English industrialist

Lieutenant-Colonel Llewellyn Wood Longstaff (23 December 1841 – 20 November 1918) was an English industrialist and fellow of the Royal Geographical Society. He is best known for being the chief private-sector patron and financial angel of the Discovery Expedition to the Antarctic.

==Antarctic patron==
Llewellyn Longstaff was born in Wandsworth London, on 23 December 1841. In 1873, he married Marie Lydia Sawyer, with whom he had 10 children, including mountaineer Tom George Longstaff. He owned a significant equity share in Blundell Spence & Co., a £400,000 firm based in Kingston upon Hull that crushed linseed oil to manufacture oil paint. He was also a member of several nongovernmental organizations, including the Freemasons, the Hull Chamber of Commerce and Shipping, and the Royal Geographical Society (RGS).

Longstaff's Society membership coincided with the presidency of longtime RGS leader Sir Clements Markham, whose dream was to organize a British expedition to the then-unknown Antarctic continent. Markham's initial efforts to lobby for funds were met with indifference in London; but Longstaff's friendship with Markham made it possible for the impecunious expedition plans to move forward, as the industrialist pledged in 1899 to donate £25,000 sterling. The British government then promised to appropriate £40,000 as matching funds, thus creating a budget to support the construction in 1900-1901 of a ship for the expedition, RRS Discovery. The ship, partly paid for by Longstaff, would be commanded by Markham's protégé Robert Falcon Scott.
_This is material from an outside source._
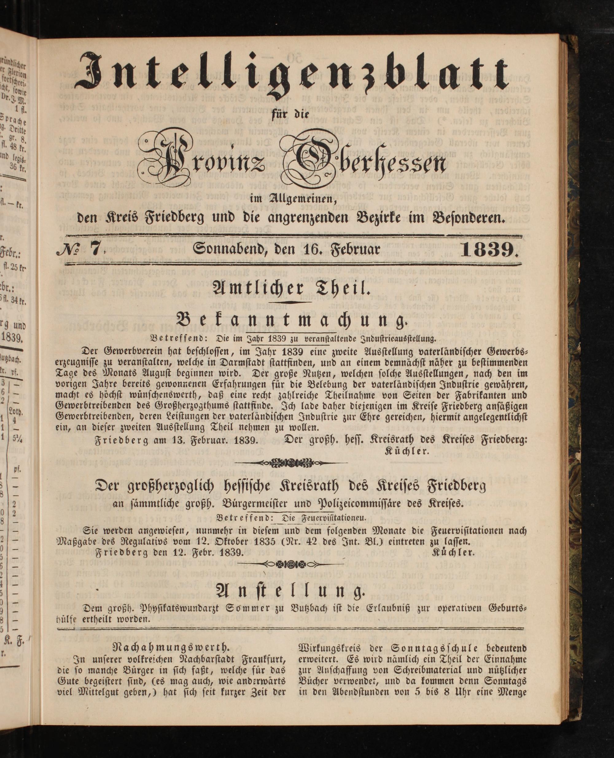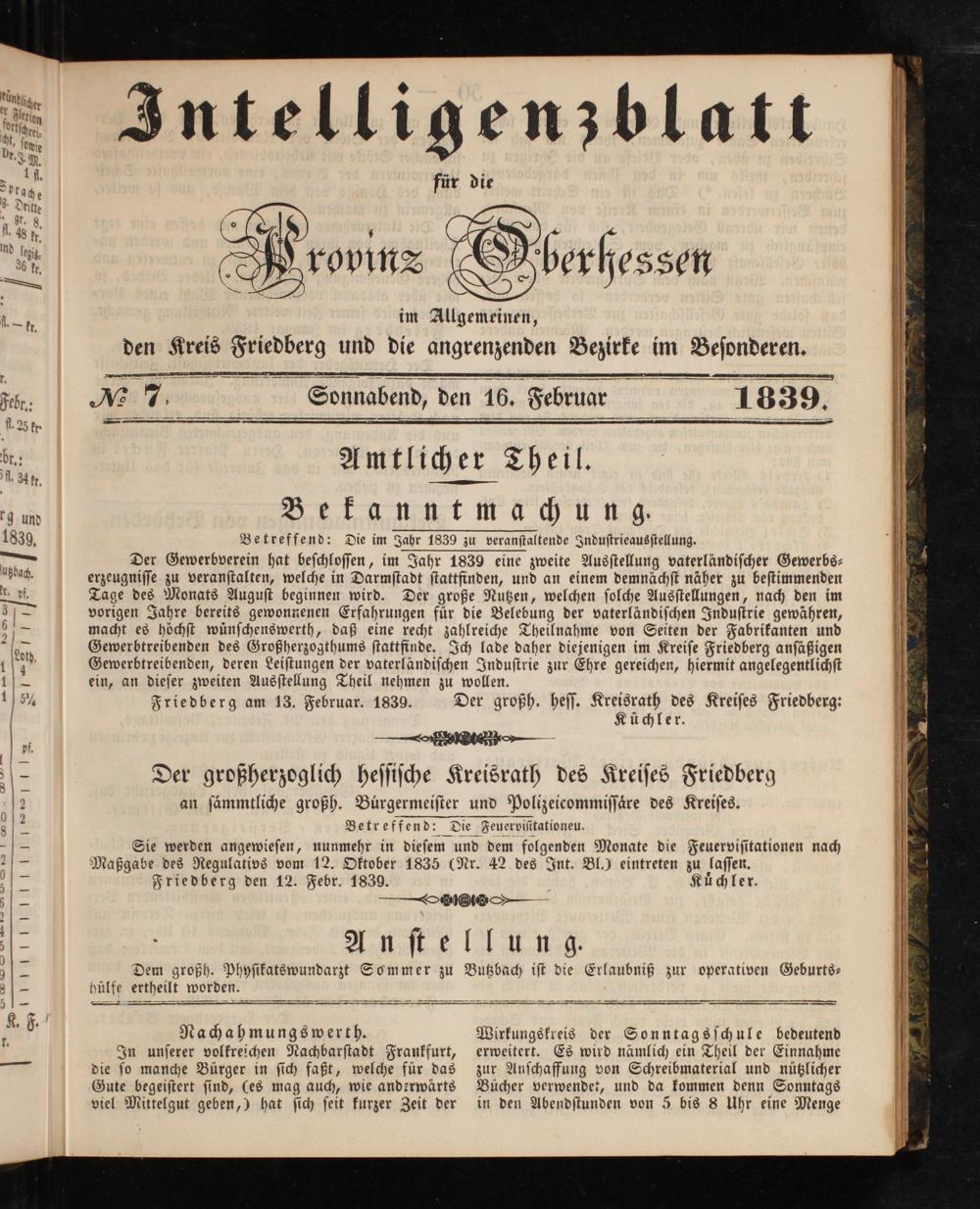 Intelligenzblatt für die Provinz Oberhessen. 1834-1834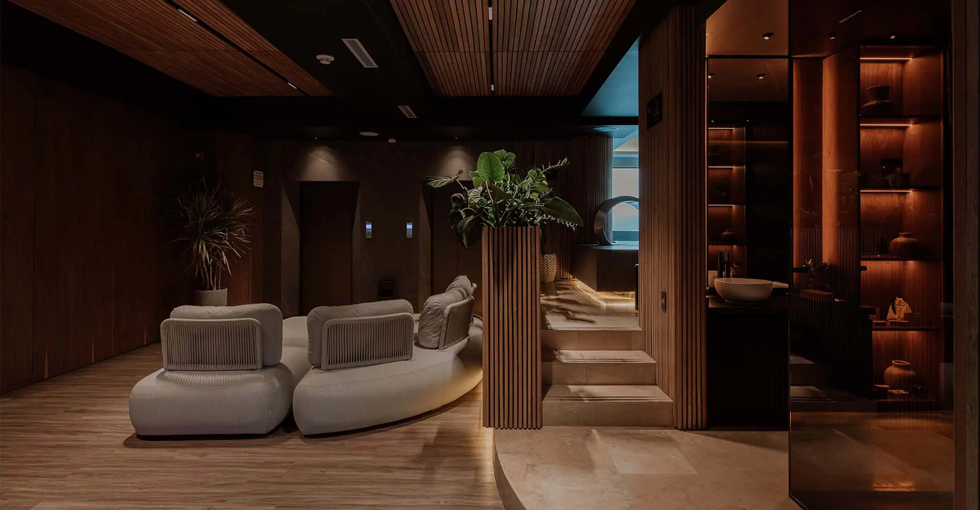 En la intervención se respeta la estructura original, pero se introduce un nuevo sistema de revestimientos en madera natural que abraza al huésped y transforma la atmósfera. A esa materialidad envolvente se suman el cuero, los acentos metálicos y una paleta de tonos tierra que aportan serenidad.

The paint manufacturer's donation gave him the standing to recommend potential expedition members to Markham. After Sir Llewellyn's son Cedric befriended a junior Union Castle merchant navy officer while their ship was heading for South Africa, young Cedric recommended his friend to Longstaff's attention. Longstaff got the sea officer, Ernest Shackleton, a crucial interview with Markham that led to his selection for the expedition. The Discovery Expedition sailed south, with Scott as commander and Shackleton as a key officer, in August 1901. The expedition members treated Longstaff in absentia as their principal patron, and in December 1902 Scott and Shackleton, in a probe southward over the Ross Ice Shelf, discovered and named the Longstaff Peaks, a mountain system in the Holland Range.

Longstaff died on 20 November 1918 in Wimbledon, London. He was posthumously appointed an Officer of the Order of the British Empire in the 1919 New Year Honours.

The Discovery, built with his donation, was preserved as a historic landmark. As of 2026 it is permanently moored in Dundee.

==Family==
Llewelyn was the father of mountaineers Tom Longstaff, Katharine Longstaff Wedgwood and Frederick Longstaff.